§ **PROBLEM TO WORK ON**
Would you write out the full listing exactly, without any pictures?
:: SUPPLIED MATERIAL ::
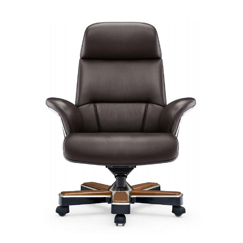 เก้าอี้สำนักงานผู้บริหารหนังแท้สีน้ำตาล ดีไซน์ทันสมัย พนักพิงสูง ปรับความสูงได้ หมุนได้ เหมาะสำหรับใช้ในโรงเรียน
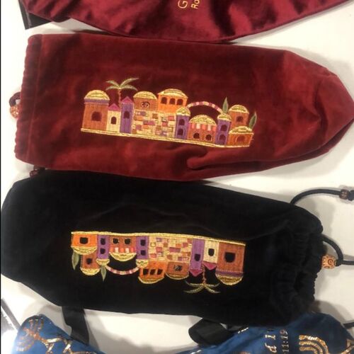 Each shofar will include an embroidered velvet Jerusalem design Shofar Carry Bag.
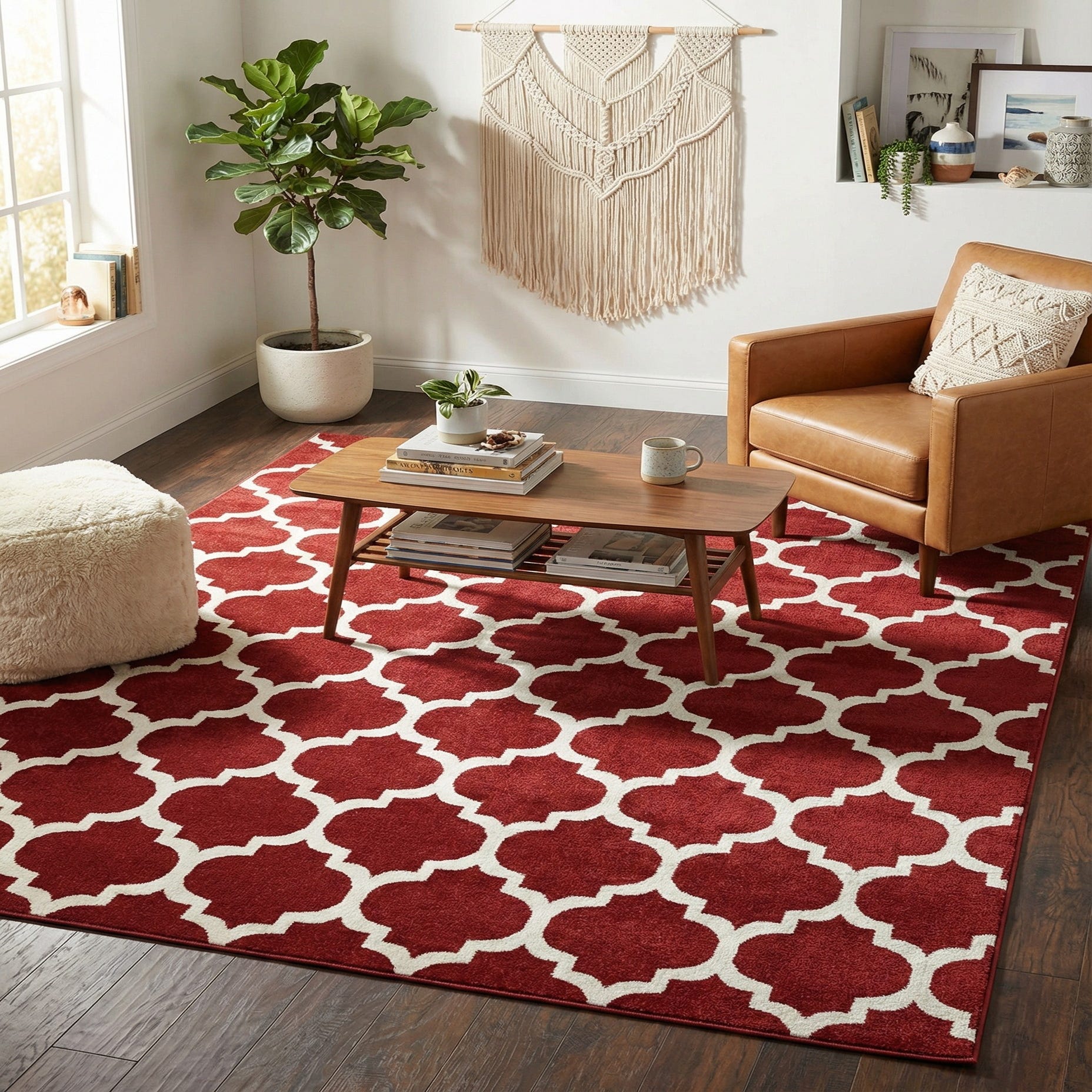 A bold Moroccan-inspired trellis pattern in soft beige sits over a dark terracotta background, creating a striking, structured look that balances warmth and geometry. The repeating quatrefoil shapes bring a rhythmic, contemporary feel while the two-tone palette keeps the design grounded. Machine-made from 100% polypropylene, the pile has a low-to-medium profile with a smooth, slightly cushioned hand that feels comfortable underfoot and holds the pattern definition sharply.
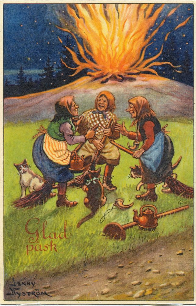 Så här mysigt har påskkärringar när de väl kommer fram till Blåkulla. Påskkortet är gjort av Jenny Nyström 1913.Foto: Postmuseums arkiv
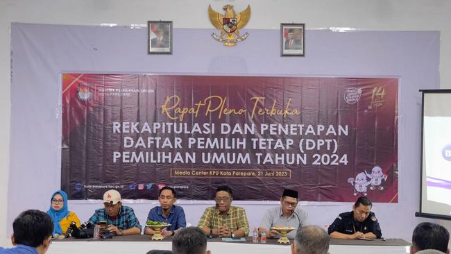 "Kemarin kami sudah melaksanakan pleno terbuka untuk penetapan DPT yang jumlahnya untuk Kota Parepare sebanyak 109.653 pemilih," ungkap Plt Ketua KPU Parepare Mursalim Muslimin kepada detikSulsel, Kamis (22/6/2023).
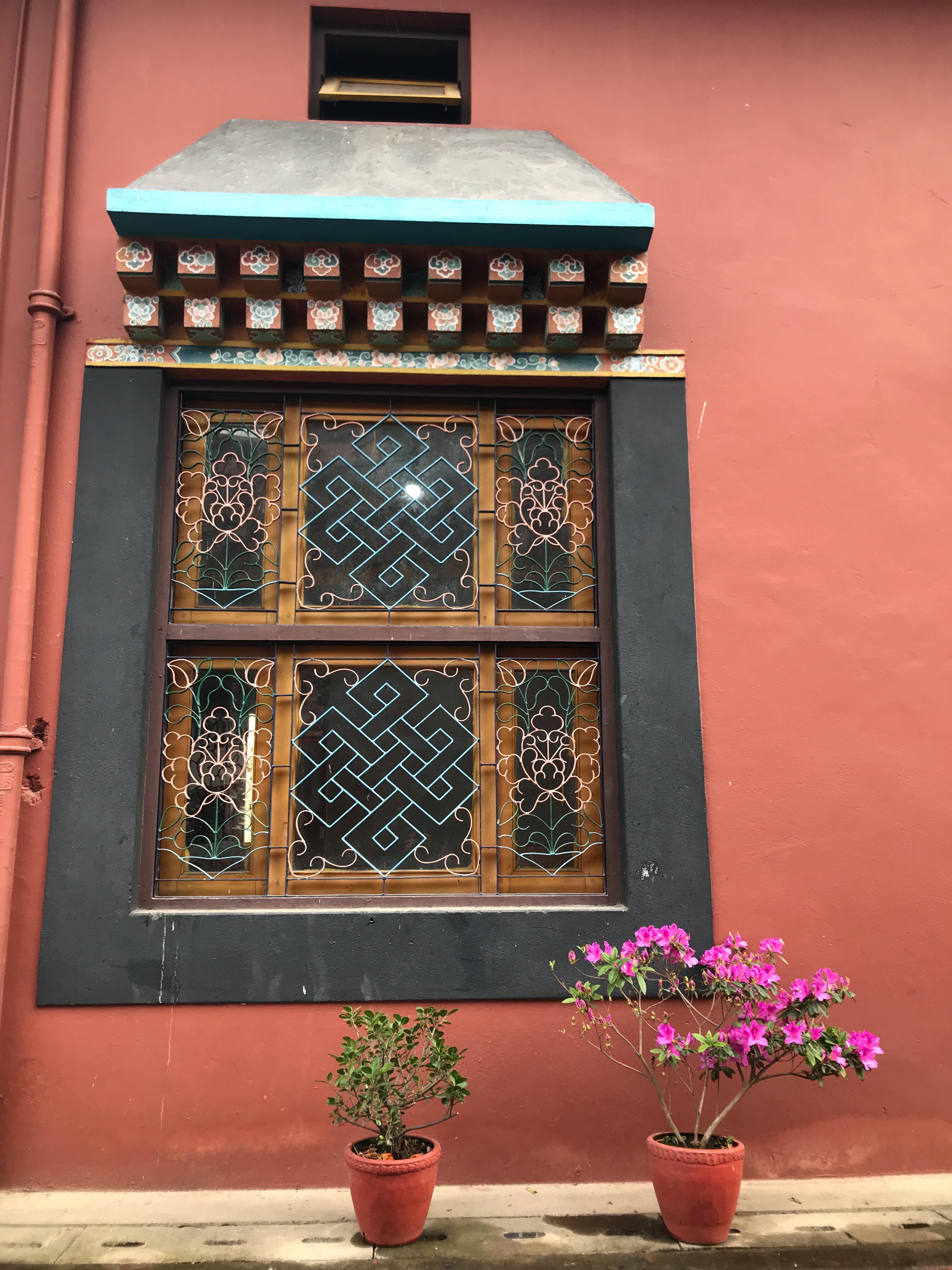 Nous sommes arrivés tout juste comme la cérémonie commençait. Un moine nous invite de la tête à entrer dans le temple et à nous asseoir contre un des murs extérieurs. Les moines sont assis en U au centre de l'espace devant de longs comptoirs sur lesquels reposent leurs livres de prières. Aux extrémités, deux jeunes moines battent le rythme sur de grands gongs. Essentiellement, les chants sont composés de longs couplets pendant lesquels les moines scandent des passages de leurs textes de façon, il nous semble, tous légèrement désynchronisés. Puis, certains moines sortent des instruments à vent et rejoignent les gongs dans un court segment un peu cacophonique mais étrangement harmonieux au final. Et le tout recommence, parfois sur un rythme un peu différent.
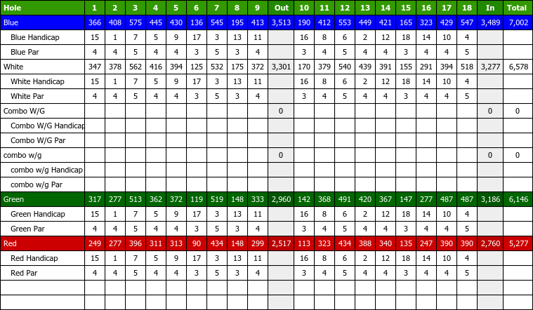 This course has updated information like phone address description or scorecard and is pending approval. 5050 Country Club Dr. The course rating is 00 and it has a slope rating of 0 on Bermuda grass.
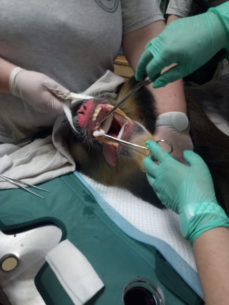 Во время внешнего осмотра мандрила по кличке Мумба сотрудники зоосада обнаружили наросты в ротовой полости. Для более тщательного обследования было принято решение обездвижить животное. В результате Мумбе поставили диагноз папилломатоз. Хирургическим путем доброкачественные опухолевидные образования были успешно удалены 22 августа. Операцию проводил ветеринарный врач и зооспециалисты. Сейчас у животного не наблюдается проблем с аппетитом и физическим состоянием.
:::
§ **EXPECTED OUTPUT**
 เก้าอี้สำนักงานผู้บริหารหนังแท้สีน้ำตาล ดีไซน์ทันสมัย พนักพิงสูง ปรับความสูงได้ หมุนได้ เหมาะสำหรับใช้ในโรงเรียน
 Each shofar will include an embroidered velvet Jerusalem design Shofar Carry Bag.
 A bold Moroccan-inspired trellis pattern in soft beige sits over a dark terracotta background, creating a striking, structured look that balances warmth and geometry. The repeating quatrefoil shapes bring a rhythmic, contemporary feel while the two-tone palette keeps the design grounded. Machine-made from 100% polypropylene, the pile has a low-to-medium profile with a smooth, slightly cushioned hand that feels comfortable underfoot and holds the pattern definition sharply.
 Så här mysigt har påskkärringar när de väl kommer fram till Blåkulla. Påskkortet är gjort av Jenny Nyström 1913.Foto: Postmuseums arkiv
 "Kemarin kami sudah melaksanakan pleno terbuka untuk penetapan DPT yang jumlahnya untuk Kota Parepare sebanyak 109.653 pemilih," ungkap Plt Ketua KPU Parepare Mursalim Muslimin kepada detikSulsel, Kamis (22/6/2023).
 Nous sommes arrivés tout juste comme la cérémonie commençait. Un moine nous invite de la tête à entrer dans le temple et à nous asseoir contre un des murs extérieurs. Les moines sont assis en U au centre de l'espace devant de longs comptoirs sur lesquels reposent leurs livres de prières. Aux extrémités, deux jeunes moines battent le rythme sur de grands gongs. Essentiellement, les chants sont composés de longs couplets pendant lesquels les moines scandent des passages de leurs textes de façon, il nous semble, tous légèrement désynchronisés. Puis, certains moines sortent des instruments à vent et rejoignent les gongs dans un court segment un peu cacophonique mais étrangement harmonieux au final. Et le tout recommence, parfois sur un rythme un peu différent.
 This course has updated information like phone address description or scorecard and is pending approval. 5050 Country Club Dr. The course rating is 00 and it has a slope rating of 0 on Bermuda grass.
 Во время внешнего осмотра мандрила по кличке Мумба сотрудники зоосада обнаружили наросты в ротовой полости. Для более тщательного обследования было принято решение обездвижить животное. В результате Мумбе поставили диагноз папилломатоз. Хирургическим путем доброкачественные опухолевидные образования были успешно удалены 22 августа. Операцию проводил ветеринарный врач и зооспециалисты. Сейчас у животного не наблюдается проблем с аппетитом и физическим состоянием.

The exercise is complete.